By Rick Ackerman • Feb 8th, 2010 • Category: Indices (SP500, Dow, Nasdaq)
Monday, February 8, 2010
The stock market’s miraculous recovery in the final two hours of Friday’s session could have made one lose sight of why stocks were down in the first place. Come to think of it, why were they down? Investors began the the day supposedly concerned about whether Greece might have to hock the Acropolis to buy time from creditors. Amidst all the nail-biting, U.S. shares fell hard in the early going. But when the selling began to dry up around mid-afternoon, DaBoyz squeezed shorts with the kind of viciousness we haven’t seen since the running of the bears in the weeks before Thanksgiving. And Greece? As the weekend drew to a close, analysts were debating whether the country’s problems held any implications at all for U.S. stocks, much less dire implications. “Should the woes of a country with fewer people than metropolitan Los Angeles really roil the massive U.S. markets,” asked the Wall Street Journal, evidently having forgotten how just one company, AIG, nearly took down the whole world, financially speaking.

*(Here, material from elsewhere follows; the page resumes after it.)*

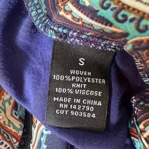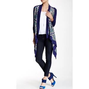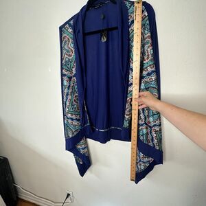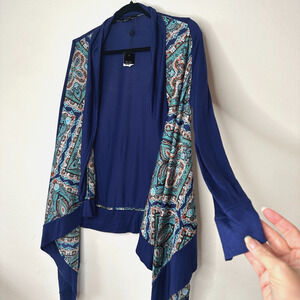 Vertigo Satin High Low Paisley Royal Blue Orange Long Sleeve Drape Cardigan S

We don’t know whether the Journal’s bold insouciance portends a mood change at the opening bell on Monday morning, but the Darth Vader-types who supposedly move the markets will have their hands full trying to reverse a selloff that is about to enter its third week. The Dow Industrials have fallen about 900 points during that time, or a little more than eight percent, bringing them down to 9835 at Friday’s lows. However, our forecast calls for still more slippage to at least 9628 before it will be safe for bulls to come out of their bomb shelters. We’ll want to load up the truck for a robust short-squeeze rally if the target is reached, but in the meantime we wouldn’t touch stocks other than to short them. Since we never want to chisel any forecast in stone, we’ll use a 10433 benchmark to warn if bulls return to life with sufficient vigor to push the market to new recovery highs.